I had another colleague who handed out detailed three-page syllabi spelling out the pages in the book to be covered for each class day. Why not just photocopy all the lesson plans for the semester and hand those out? Saves the poor dears the trouble of showing up.
’Tis sad. Did the student return?
Last night's ABC national news featured a segment on someone's research showing students 'hardly learn anything' at their private colleges. The research claimed that very few students spent more than 4 hours a day studying, read less than 40 pages a week, and never wrote so much as 20 pages in a semester. I guess it can be done that way.. I'm still kind of wondering what colleges they are talking about...maybe I'll visit their website.
Here’s the ABC story Elaine mentioned.
No. Good riddance, said I then and say I now. My current colleague at the Bank, also a translator, told me in passing that she had had Latin in secondary school (she went to school in Oxford...yes, that Oxford), and said that her Latin teacher wrote crime novels, maybe you've heard of him, Colin Dexter...I nearly had a stroke: just think, three degrees of separation between me and the late John Thaw. Endeavour Morse is as close to me as Deng Xiaoping! (the Chinese ambassador to Denmark - Jiang Zemin - Deng Xiaoping)...
So you see, children, it pays to honor your paradigms.
BTW, this also means that that through me there are five degrees of separation between you and Mao Zedong, and thus six degrees of separation between you and Richard Nixon. Just sayin'...

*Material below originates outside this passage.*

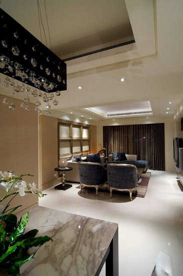 以错落格柜的方式、配置间接光源,将书柜设计兼具展示柜的使用机能,并营造出空间光影层次的丰渥变化。以天花的层次设计及二张休闲单椅作为客、餐厅开放接口的区隔因子。透过开放式吧台做为餐、厨之间的界定变化,同时增加空间丰富的使用机能特质。

Norman, that’s hilarious. I can claim though my own tenuous connection to Richard Nixon, in at least three ways: through the bassist Milt Hinton and trumpeter Clark Terry, who played at the Nixon White House for Duke Ellington’s seventieth birthday, and through William P. Rogers. I never met Rogers, but as a student I worked for a summer as a proofreader at Rogers & Wells. I see a fun party game here: Six Degrees of Richard Nixon.